CDC 'Excessive Alcohol' Study Author Recommends Prohibitionist Policies

CDC 'Excessive Alcohol' Study Author Recommends Prohibitionist Policies

The results of a new study on the economic costs of excessive alcohol abuse demonstrate how federal bureaucrats, through a myriad of conflicts of interest, are attempting to influence and, perhaps, dictate, public policy.

In a press statement dated August 13th, the Center for Disease Control and Prevention (CDC) announced the release of a study that concludes excessive alcohol use causes a large economic burden to the nation.

According to the release:

Excessive alcohol use cost states and D.C. a median of $2.9 billion in 2006, ranging from $420 million in North Dakota to $32 billion in California. This means the median cost per state for each alcoholic drink consumed was about $1.91.

Based on data from 2006, the researchers, the CDC says, found that the costs of excessive drinking were primarily due to losses in workplace productivity, health care expenses, criminal justice expenses, motor vehicle crash costs, and property damage.

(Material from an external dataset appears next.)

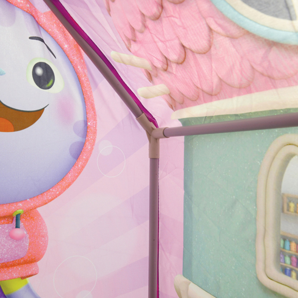 Let imagination, creative play and adventure follow you with the Gabby's Dollhouse Wendy House Tent. Suitable for ages three years, this is the perfect playhouse for children as they start to explore imaginative play and independence. Decorated with colourful character graphics, this playhouse comes complete with a ventilated closed top, tie-back door, and durable polyester and PVC materials as well as water resistance, perfect for any Gabby fan to immerse themselves in play indoors or outdoors. Easy to assemble; the tent is a one-piece design which is shaped by inserting the adjoining PVC poles through ready-made channels. The whole product folds down to a compact size for easy storage. It also comes with a carry bag ideal for transporting to sleepovers and holidays. Dimensions: H 105 x W 70 x L 90cm.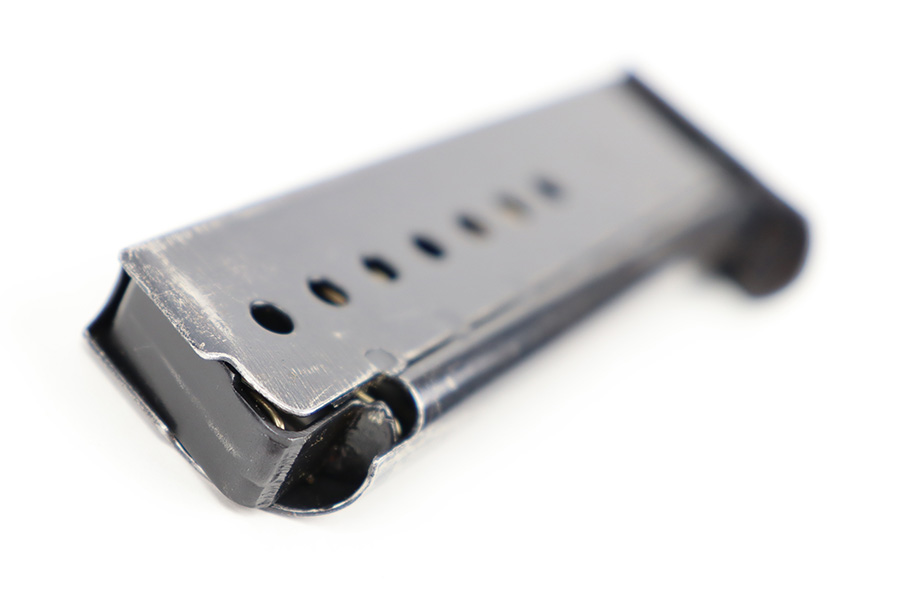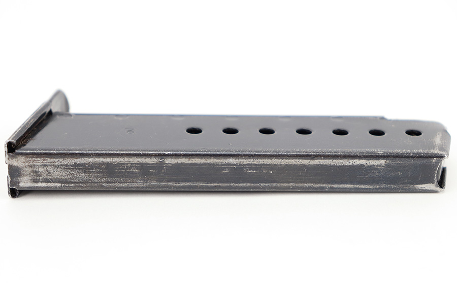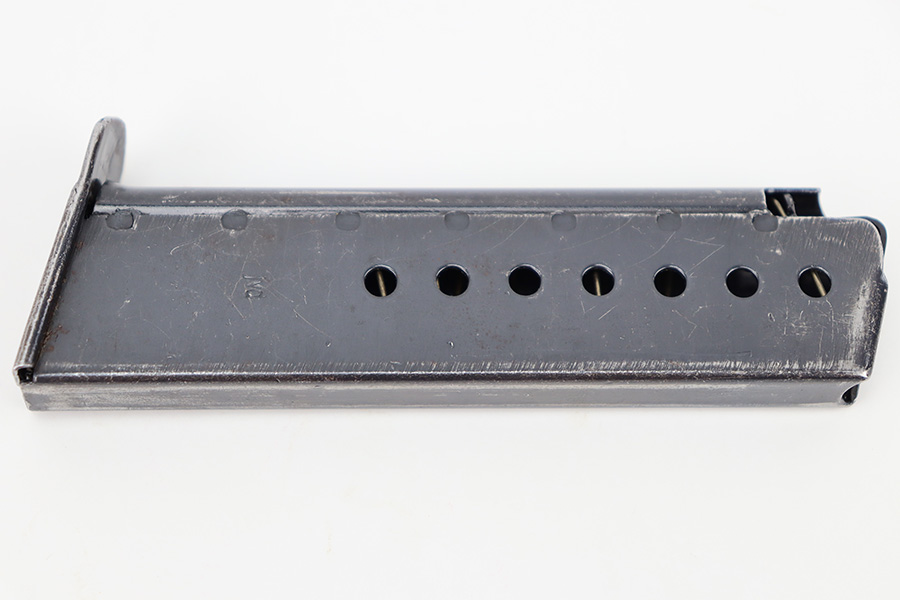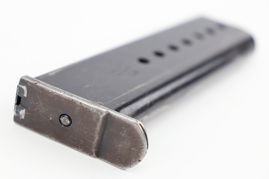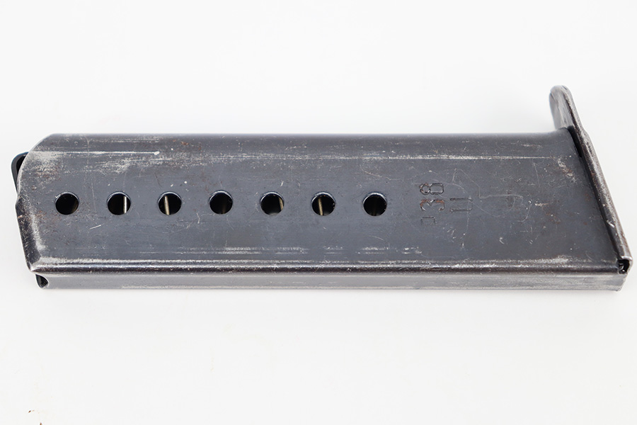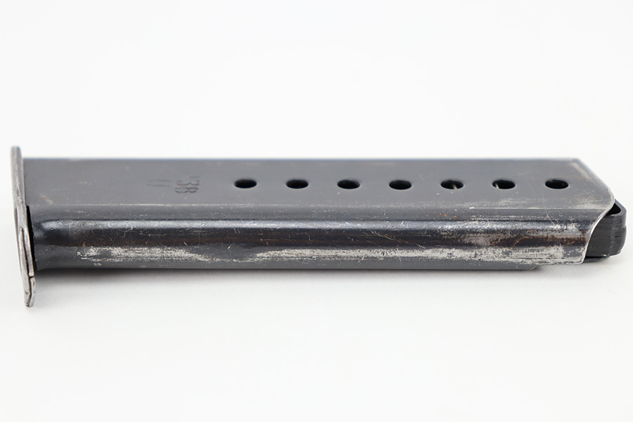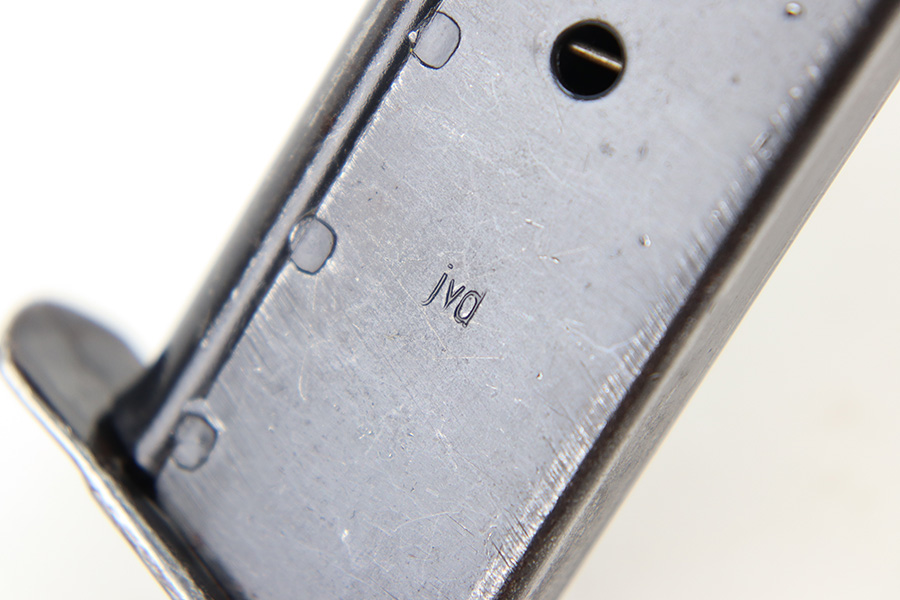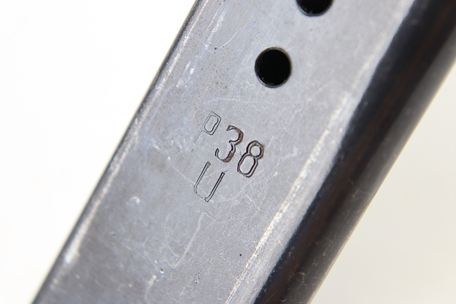 12/11/23 – This is an original, late WW2 production P.38 magazine. The magazine is in near-excellent condition with most of the original finish intact, and a fully functional spring. The left side of the tube is “jvd” stamped and the right side is P.38 U stamped. No visible proofs on the spine. Strong, functional spring. Great for any late-war P.38!

The CDC indicates that the costs to the economy are mainly due to binge drinking, which they define as “consuming five or more drinks on an occasion for men or four or more drinks on an occasion for women.” According to the CDC, binge drinking “was responsible for more than 70 percent of excessive alcohol use related costs in all states and D.C.”

Dr. Tom Frieden, CDC Director, said:

Excessive alcohol use has devastating impacts on individuals, families, communities, and the economy. In addition to injury, illness, disease, and death, it costs our society billions of dollars through reduced work productivity, increased criminal justice expenses, and higher healthcare costs. Effective prevention programs can support people in making wise choices about drinking alcohol.

The press release goes on to say that the study’s researchers actually believe that their findings are “underestimated because it did not consider a number of other costs, such as those due to pain and suffering by the excessive drinker or others who were affected by the drinking.”

Dr. Robert D. Brewer, Alcohol Program Lead at CDC and one of the authors of the study, said, “It is striking to see most of the costs of excessive drinking in states and D.C. are due to binge drinking, which is reported by about 18 percent of U.S. adults.”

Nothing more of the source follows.